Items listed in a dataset
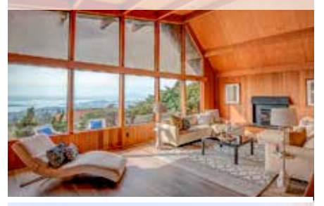
2026 Eunice St, Berkeley
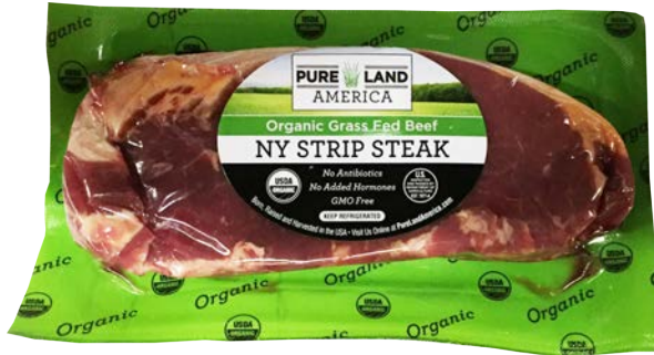
NY Strip Steak Code: AO4277 Packed 10 / 8oz UPC: 6-58533-13725-2 SRP: $16.49 ea
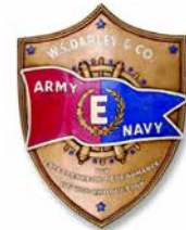
Darley's prestigious Army/Navy E award.
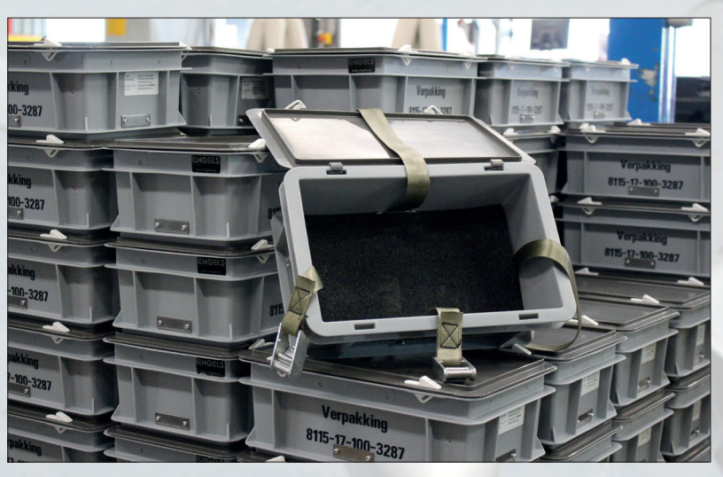
Strong, drop resistant (according to UN standard 4H2 level x) boxes, sizes in between 5 and 90 litres, mounted with straps for fixation of spare parts, electronics and such.
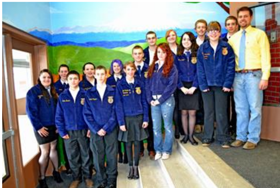
2013-2014 FFA Chapter

This has been a successful year for the Sherman County FFA Chapter.
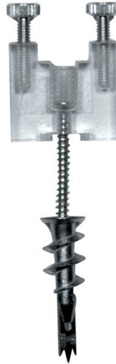
Wall MonoRail Standoff

Order one for every three feet of run and at corners.
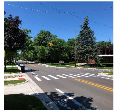
Good Quality - LL WRFL Poly + Overlay CP Special Mkgs.
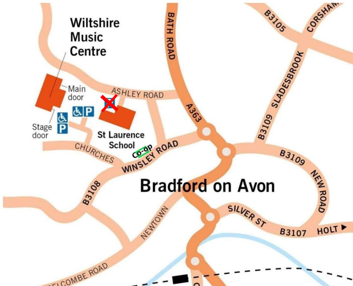
The turning from Churches

## TASK INSTRUCTIONS
An exact copy of each entry is required, minus the pictures.

## TASK RESULT
2026 Eunice St, Berkeley
NY Strip Steak Code: AO4277 Packed 10 / 8oz UPC: 6-58533-13725-2 SRP: $16.49 ea
Darley's prestigious Army/Navy E award.
Strong, drop resistant (according to UN standard 4H2 level x) boxes, sizes in between 5 and 90 litres, mounted with straps for fixation of spare parts, electronics and such.
2013-2014 FFA Chapter

This has been a successful year for the Sherman County FFA Chapter.
Wall MonoRail Standoff

Order one for every three feet of run and at corners.
Good Quality - LL WRFL Poly + Overlay CP Special Mkgs.
The turning from Churches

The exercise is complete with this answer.